This soup is hearty, nutritious and tastes so good! A wonderful mix of curry flavours comes together with the sweetness of parsnips and the added boost from beans and lentils to make a creamy, delightfully pleasant comfort food. Great for those cold winter nights or as a healthy alternative to a regular meal. Delicious served on its own or with toast, rice cakes or chips of your choice. We love ours with some Avocado toast. This recipe would also make a perfect base for a Curry, just blend a smaller amount of the mixture and add a meat substitute such as Tofu and some peas.

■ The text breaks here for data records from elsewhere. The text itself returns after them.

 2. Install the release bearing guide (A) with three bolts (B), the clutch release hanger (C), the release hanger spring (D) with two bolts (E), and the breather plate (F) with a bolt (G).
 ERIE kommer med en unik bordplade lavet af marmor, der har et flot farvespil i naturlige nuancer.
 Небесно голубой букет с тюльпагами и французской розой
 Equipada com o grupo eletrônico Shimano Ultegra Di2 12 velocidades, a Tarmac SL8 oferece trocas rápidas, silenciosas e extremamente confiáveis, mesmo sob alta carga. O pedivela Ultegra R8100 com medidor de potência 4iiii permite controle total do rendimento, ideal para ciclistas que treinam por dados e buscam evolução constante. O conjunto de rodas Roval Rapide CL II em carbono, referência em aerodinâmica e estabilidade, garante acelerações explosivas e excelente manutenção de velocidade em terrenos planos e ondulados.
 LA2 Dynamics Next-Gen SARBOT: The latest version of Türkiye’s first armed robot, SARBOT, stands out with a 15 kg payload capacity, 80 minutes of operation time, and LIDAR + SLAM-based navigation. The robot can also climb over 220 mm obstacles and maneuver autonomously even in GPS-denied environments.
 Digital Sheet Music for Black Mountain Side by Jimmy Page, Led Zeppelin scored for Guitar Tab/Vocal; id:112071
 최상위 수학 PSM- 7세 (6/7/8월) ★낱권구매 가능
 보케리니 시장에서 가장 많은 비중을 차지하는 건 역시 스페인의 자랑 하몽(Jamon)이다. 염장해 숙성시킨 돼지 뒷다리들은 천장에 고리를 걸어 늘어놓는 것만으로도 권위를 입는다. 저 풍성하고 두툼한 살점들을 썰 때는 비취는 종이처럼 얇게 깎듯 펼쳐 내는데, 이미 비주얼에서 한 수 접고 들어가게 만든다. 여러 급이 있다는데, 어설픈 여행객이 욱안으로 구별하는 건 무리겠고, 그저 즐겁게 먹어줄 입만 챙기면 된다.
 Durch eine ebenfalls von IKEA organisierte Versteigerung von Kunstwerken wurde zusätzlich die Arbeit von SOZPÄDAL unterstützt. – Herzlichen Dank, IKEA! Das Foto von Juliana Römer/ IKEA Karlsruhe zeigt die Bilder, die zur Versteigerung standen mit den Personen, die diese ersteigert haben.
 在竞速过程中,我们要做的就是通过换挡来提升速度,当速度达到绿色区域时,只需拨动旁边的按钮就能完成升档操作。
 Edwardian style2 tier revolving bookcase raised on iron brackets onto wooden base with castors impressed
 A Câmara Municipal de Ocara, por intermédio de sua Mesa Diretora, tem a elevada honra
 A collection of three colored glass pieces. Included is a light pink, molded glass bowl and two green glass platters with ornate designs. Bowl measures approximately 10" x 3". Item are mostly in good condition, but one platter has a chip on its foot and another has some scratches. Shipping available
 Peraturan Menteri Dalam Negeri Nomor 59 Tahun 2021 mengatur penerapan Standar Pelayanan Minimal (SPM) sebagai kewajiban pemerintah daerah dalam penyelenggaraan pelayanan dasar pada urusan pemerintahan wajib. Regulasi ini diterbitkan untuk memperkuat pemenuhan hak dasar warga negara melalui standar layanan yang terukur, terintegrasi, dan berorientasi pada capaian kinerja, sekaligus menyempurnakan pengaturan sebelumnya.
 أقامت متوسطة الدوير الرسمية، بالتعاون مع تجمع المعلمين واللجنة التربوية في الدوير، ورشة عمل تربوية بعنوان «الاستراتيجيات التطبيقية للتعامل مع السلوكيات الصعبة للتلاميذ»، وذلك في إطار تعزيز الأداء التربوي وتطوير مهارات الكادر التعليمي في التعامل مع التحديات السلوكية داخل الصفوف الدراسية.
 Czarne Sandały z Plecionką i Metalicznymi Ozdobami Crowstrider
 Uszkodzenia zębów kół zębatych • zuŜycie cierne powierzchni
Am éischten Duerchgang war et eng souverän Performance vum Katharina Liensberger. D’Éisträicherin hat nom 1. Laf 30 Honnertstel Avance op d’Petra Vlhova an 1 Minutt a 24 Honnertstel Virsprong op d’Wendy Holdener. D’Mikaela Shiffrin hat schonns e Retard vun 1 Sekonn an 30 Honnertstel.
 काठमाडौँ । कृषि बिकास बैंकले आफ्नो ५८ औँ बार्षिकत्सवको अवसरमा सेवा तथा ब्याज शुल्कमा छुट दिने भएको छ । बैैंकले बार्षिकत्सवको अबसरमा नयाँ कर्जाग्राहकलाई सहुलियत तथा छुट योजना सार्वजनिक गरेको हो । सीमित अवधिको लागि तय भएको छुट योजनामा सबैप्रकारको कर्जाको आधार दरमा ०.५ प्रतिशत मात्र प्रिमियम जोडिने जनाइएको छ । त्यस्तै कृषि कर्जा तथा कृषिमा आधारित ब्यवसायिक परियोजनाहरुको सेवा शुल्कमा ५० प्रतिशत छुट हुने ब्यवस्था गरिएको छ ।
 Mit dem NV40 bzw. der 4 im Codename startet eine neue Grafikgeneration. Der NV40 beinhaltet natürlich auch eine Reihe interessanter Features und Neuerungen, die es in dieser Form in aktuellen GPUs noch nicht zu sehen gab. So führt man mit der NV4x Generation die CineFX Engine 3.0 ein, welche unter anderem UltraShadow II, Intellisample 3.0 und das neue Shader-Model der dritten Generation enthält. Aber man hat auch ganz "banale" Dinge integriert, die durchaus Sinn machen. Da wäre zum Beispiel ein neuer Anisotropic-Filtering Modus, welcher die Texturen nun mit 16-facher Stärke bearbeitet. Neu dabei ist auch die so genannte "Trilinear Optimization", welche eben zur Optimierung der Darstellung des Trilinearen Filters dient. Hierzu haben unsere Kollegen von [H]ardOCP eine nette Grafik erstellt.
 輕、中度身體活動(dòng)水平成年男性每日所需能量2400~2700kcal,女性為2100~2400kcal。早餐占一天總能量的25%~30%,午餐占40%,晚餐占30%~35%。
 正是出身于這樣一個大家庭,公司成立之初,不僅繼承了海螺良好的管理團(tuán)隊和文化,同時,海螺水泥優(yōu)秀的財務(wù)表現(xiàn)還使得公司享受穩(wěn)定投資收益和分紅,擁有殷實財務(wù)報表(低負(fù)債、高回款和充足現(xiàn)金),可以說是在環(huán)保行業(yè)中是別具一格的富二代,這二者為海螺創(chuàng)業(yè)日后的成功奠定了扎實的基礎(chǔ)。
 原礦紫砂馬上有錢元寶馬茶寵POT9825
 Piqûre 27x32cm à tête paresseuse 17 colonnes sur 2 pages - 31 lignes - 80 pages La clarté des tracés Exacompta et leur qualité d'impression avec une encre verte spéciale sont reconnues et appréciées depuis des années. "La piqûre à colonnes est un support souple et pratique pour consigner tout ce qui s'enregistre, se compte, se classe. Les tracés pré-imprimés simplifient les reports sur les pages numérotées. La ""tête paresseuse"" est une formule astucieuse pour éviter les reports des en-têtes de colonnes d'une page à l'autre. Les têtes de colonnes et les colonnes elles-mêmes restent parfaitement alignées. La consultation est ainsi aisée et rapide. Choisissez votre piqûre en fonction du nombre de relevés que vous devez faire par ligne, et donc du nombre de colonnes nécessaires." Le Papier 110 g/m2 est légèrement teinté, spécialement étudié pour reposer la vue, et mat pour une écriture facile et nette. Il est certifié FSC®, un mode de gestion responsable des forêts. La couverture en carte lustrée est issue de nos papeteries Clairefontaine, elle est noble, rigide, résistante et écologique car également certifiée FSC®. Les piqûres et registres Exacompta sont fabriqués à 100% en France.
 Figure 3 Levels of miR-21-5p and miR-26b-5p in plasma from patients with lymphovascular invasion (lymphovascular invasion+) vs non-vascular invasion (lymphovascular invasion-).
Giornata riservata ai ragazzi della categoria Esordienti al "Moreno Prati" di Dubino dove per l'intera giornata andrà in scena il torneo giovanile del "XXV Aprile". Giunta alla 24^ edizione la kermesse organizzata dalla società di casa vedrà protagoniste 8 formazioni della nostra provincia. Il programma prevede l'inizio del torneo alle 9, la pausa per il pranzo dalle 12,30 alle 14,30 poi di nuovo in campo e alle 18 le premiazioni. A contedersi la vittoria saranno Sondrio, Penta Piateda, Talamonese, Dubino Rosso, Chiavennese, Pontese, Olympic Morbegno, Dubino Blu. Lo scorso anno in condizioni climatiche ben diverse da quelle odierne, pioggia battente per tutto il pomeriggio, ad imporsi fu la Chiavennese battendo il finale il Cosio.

If you enjoy this recipe how about trying the equally hearty Vegetable Stew with Dumplings. Or for something bursting with nutrients how about the Green Vegetable Soup. How about something sweet for pudding? The Cookie Dough Peanut Bites are so good!
- 2 Medium Parsnips
- 1 Large Carrot
- 1 Onion
- 1 Medium Cauliflower
- 100 g Chestnut Mushrooms
- 1 tbsp Liquid Smoke Optional
- 1 tsp Cinnamon
- 1 tsp Chilli Flakes
- 1-2 tbsp Chicken Seasoning I used Paprika & Lemon mix
- 2 Cloves of Garlic or 1 tbsp Granules
- 1 tsp Garam Masala
- 1 tbsp Nutritional Yeast Optional
- 2 tbsp Powder Potato like Smash Optional
- 1 Vegetable Stock Cube
- 1 Tin Green Lentils Around 120g drained
- 1 Tin Mixed Beans in Spicy Tomato Sauce Around 395g. Can be substituted for beans, paprika and Tomato Puree or Chopped Tomatoes.
- Chop your carrot, onion, parsnips, and cauliflower. Place in a pan with the chicken seasoning and cook for 10 minutes.
- Add everything else apart from the Nutritional yeast and powder potato (if using) to the pan and fill with another water to cover or more as wanted.
- Put the lid on and leave to simmer on a low to medium heat for at least 45 minutes to an hour. The longer the better,
- Blend the mixture as preferred or leave it as it is. I like half of it blended with some chunks left throughout.
- Serve immediately. Alternatively, it will keep for up to a week in the fridge and several months in the freezer.